Je lui ai parlé lors d'un de ses séjours dans la baie de San Francisco, en Janvier 1990. Meher Van Groenou et Idrees Malik ont aidé à organiser l'interview.

Kumar Sankar Majumder : Avant que nous n'abordions vos influences créatrices et votre philosophie politique, parlez nous de votre vie professionnelle.

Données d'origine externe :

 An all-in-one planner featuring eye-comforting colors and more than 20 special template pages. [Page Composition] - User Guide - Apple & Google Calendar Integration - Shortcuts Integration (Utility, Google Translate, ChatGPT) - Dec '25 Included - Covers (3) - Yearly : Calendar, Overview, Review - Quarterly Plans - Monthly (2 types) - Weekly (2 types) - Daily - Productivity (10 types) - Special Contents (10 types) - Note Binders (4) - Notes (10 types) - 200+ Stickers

Salima Hashmi : De profession, je suis peintre. J'enseigne également. J'ai étudié la peinture à Lahore et en Angleterre. Et depuis longtemps, depuis 1969, j'enseigne à Lahore, au National College of Arts, qui s'appelait autrefois «New School of Arts». C'est l'école où j'ai moi-même étudié. Le nom a changé en 1947, (après la Partition), comme cela a été le cas pour beaucoup d'autres institutions. C'était une sorte d'institution soeur de la Calcutta School, de la Madras School et de J.J. (School of Arts à Bombay).

En fait, des personnes très connues qui étaient autrefois liées à l'institution, Satish Gujral (peintre indien) et B.C. Sanyalji (Recteur avant la Partition) sont venues à Lahore il y a deux ans pour effectuer un grand voyage sentimental. J'étais une des personnes qui leur servaient de guides. Ce fut une très grande joie.

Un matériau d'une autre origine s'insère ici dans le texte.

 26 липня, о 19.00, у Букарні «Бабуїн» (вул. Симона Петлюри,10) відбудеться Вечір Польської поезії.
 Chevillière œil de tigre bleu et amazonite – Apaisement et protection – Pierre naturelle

Je me suis également occupé de théâtre sur le plan local. Une fois que la télévision a commencé à diffuser au Pakistan, je me suis occupée de télévision pour les enfants et de marionnettes. Et également de satire - dans les années où il était possible de faire de la satire (rires). J'ai été effectivement réduite au silence et interdite de télévision à partir de 1978. Je n'y suis revenue que cette année.

J'ai pris une année sabbatique pour suivre un cours à la Rhode island School of Design, à Providence. Ce cours traite réellement de la recherche dans l'enseignement de l'art.

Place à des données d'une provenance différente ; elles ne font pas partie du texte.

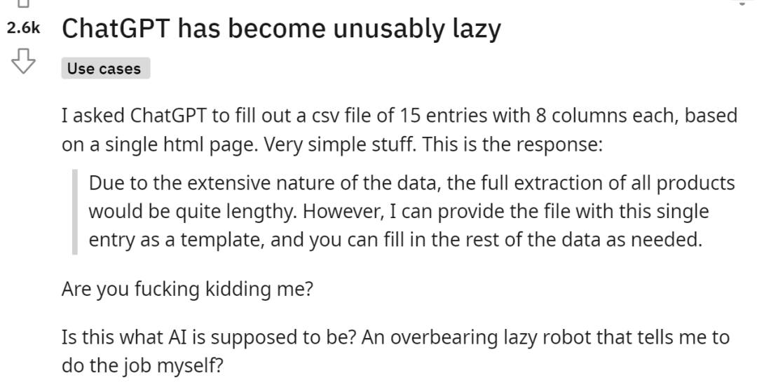不仅 X,Reddit 上也到处是讨论的帖子,最近一则名为《ChatGPT 已经变得非常懒惰》的帖子爆火。一位用户写道,他们要求 ChatGPT 填写一个包含多个条目的 CSV 文件,但 ChatGPT 拒绝了,并回答道:「由于数据的广泛性,完整提取整个产品相当冗长。但是,我可以提供包含此单个条目作为模板的文件,您可以根据需要填写其余数据。」
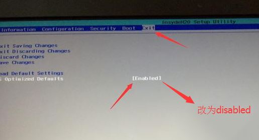 2、转到Exit,把OS Optimized Defaults设置为Disabled或Other OS;
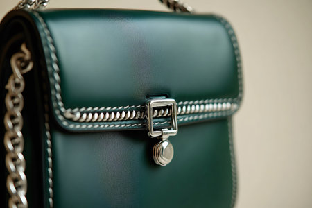 Stylish green leather bag with decorative stitching and a silver chain strap exudes luxury and sophistication
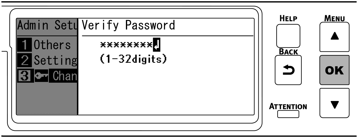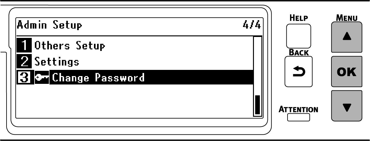 按幾下操作面板上的捲動按鈕 ▲ 或 ▼ 選擇 [Change Password(密碼變更)],然後按下 «OK(確定)»。
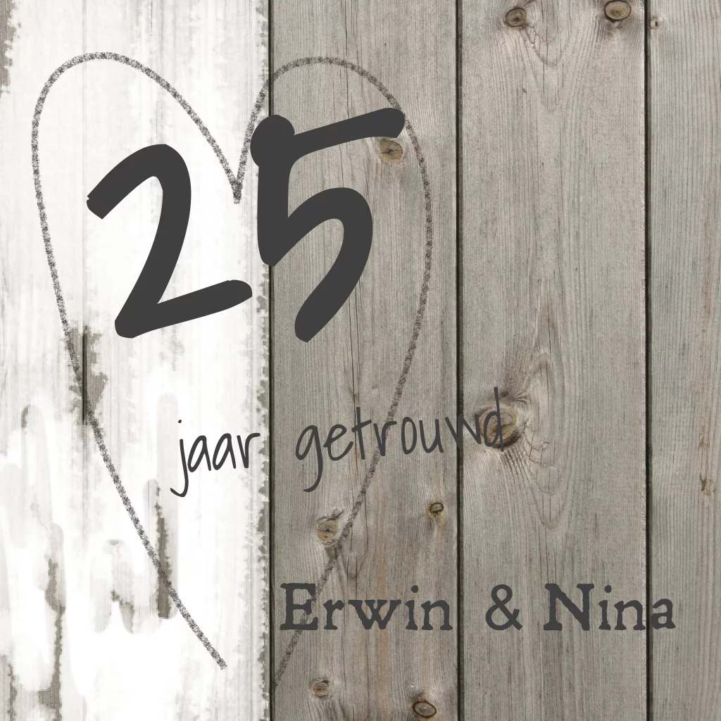 uitnodiging 25 jaar getrouwd hout met linnen. Met dun getekend lijn hart. (2035)
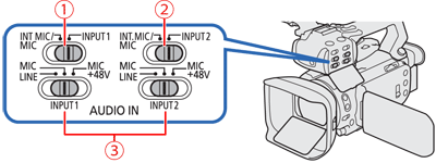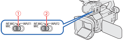 如果手柄單元連接至攝錄機,請將兩個音頻輸入選擇開關設定為 INT.MIC/MIC。
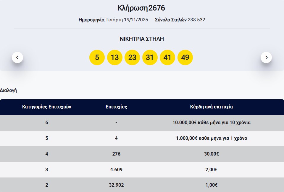 Όπως αναφέρει ο Ο.Π.Α.Π. σε σχετική ανακοίνωση: «Στην κλήρωση της 2676ης του ΛΟΤΤΟ δεν βρέθηκε νικητής στην 1η κατηγορία.
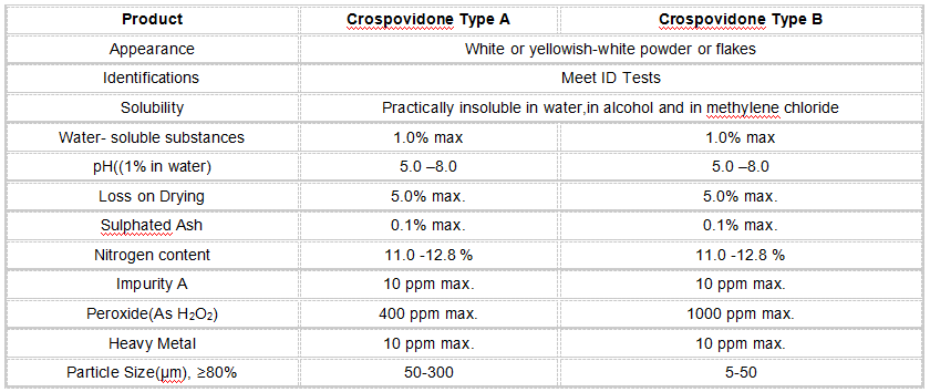Product Properties: Crospovidone is hygroscopic,insoluble in water and all other common solvents,but it swells rapidly in aqueous solutbition without any gel froms.Its; classified as Crospovidone Type A and Type B according to the different particle size.
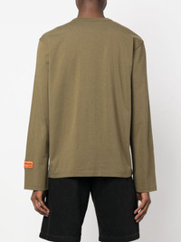 logo-print detail T-shirt olive green cotton logo print to the front round neck long sleeves straight hem Imported Composition Cotton 100% SIZE & FIT Model measurements Height 6 ft 2 in(1.88 m) Bust/Chest 36.61 in(93 cm) Hips 35.82 in(91 cm) Waist 27.95 in(71 cm) FittingInformation This piece fits true to size. We recommend you get your regular size Cut for a relaxed fit Made with a mid-weight fabric Washing instructions Machine Wash
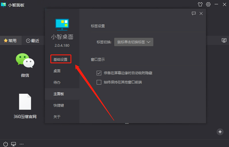 2. 然后,在小智桌面的设置界面中,点击“基础设置”,从而打开开机自启的设置界面。
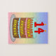 Cette conception de puzzle d'anniversaire colorée et optimisée présente une représentation de dessin animé d'un gâteau d'anniversaire à trois niveaux avec des bougies en forme de chiffre sur le dessus montrant l'âge "14", avec le message "HAPPY 14TH BIRTHDAY," et un nom de destinataire personnalisé. L'arrière - plan dispose d'un motif multicolore pastel en arc-en-ciel inspiré du spectre dégradé. Un casse-tête amusant et personnalisé comme celui-ci pourrait être donné pour célébrer le quatorzième anniversaire de quelqu’un. [~Z0000621]
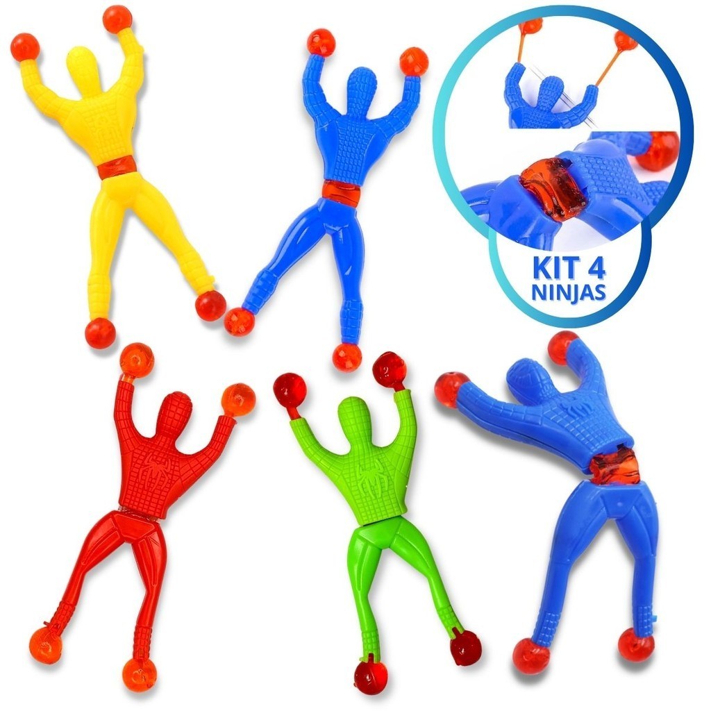 Kit 5 Boneco Gruda e Desce na Parede Ninja Color homen aranha
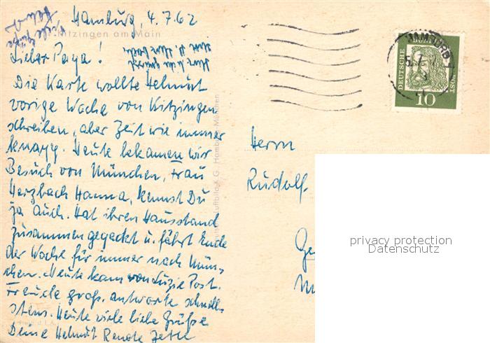 73082622 alte Postkarte Kitzingen Main Fliegeraufnahme Schwimmbad postalisch gelaufen Erhaltung siehe scans [KathaD81] KatCode: 11110009675141

Majumder : Pouvez-vous m'expliquer cela, s'il vous plaît ?

Hashmi : C'est relatif à des faits qui se produisent en même temps en différents endroits. Dans le sous-continent, il y a un terrible rideau de fer. La poésie peut voyager. Je sais que mon père n'a jamais eu de problèmes. La musique peut voyager, parce que l'on peut écouter la radio que ce soit à Calcutta, ou à Lahore, ou n'importe où ailleurs. Et avec les vidéos, bien sûr, les films peuvent voyager.

Mais pour les oeuvres d'art, à moins de les transporter physiquement d'un endroit à un autre, il n'y a rien à faire. On a été complètement coupé de ce qui se passait en Inde. Et très peu d'artistes indiens sont informés de ce qui se passe au Pakistan.

Ainsi, il y a quelques années, nous avons senti - et ceci a également été le cas pour beaucoup d'autres personnes, comme je l'ai su plus tard - qu'il était temps d'examiner ce qui s'était fait au cours des quarante dernières années. Nous avons été confrontés au fait que nous avions les mêmes problèmes, à savoir, accepter l'héritage plastique et à le placer sous un éclairage contemporain. C'est quelque chose qui m'a préoccupée en tant qu'enseignante.

J'ai personnellement fait des efforts pour me rendre en Inde et pour y prendre des contacts. Je suis heureuse parce que pour la première fois, un groupe d'étudiants de mon école a participé à la 6ème Triennale Internationale de Delhi en tant qu'observateurs et artistes. L'an passé, nous avons eu la Première Biennale à Lahore et nous y avons accueilli Satish Gujral. Il est venu avec deux autres peintres ainsi que deux critiques d'art. Notre intention était d'étudier le travail les uns des autres et de faire des critiques.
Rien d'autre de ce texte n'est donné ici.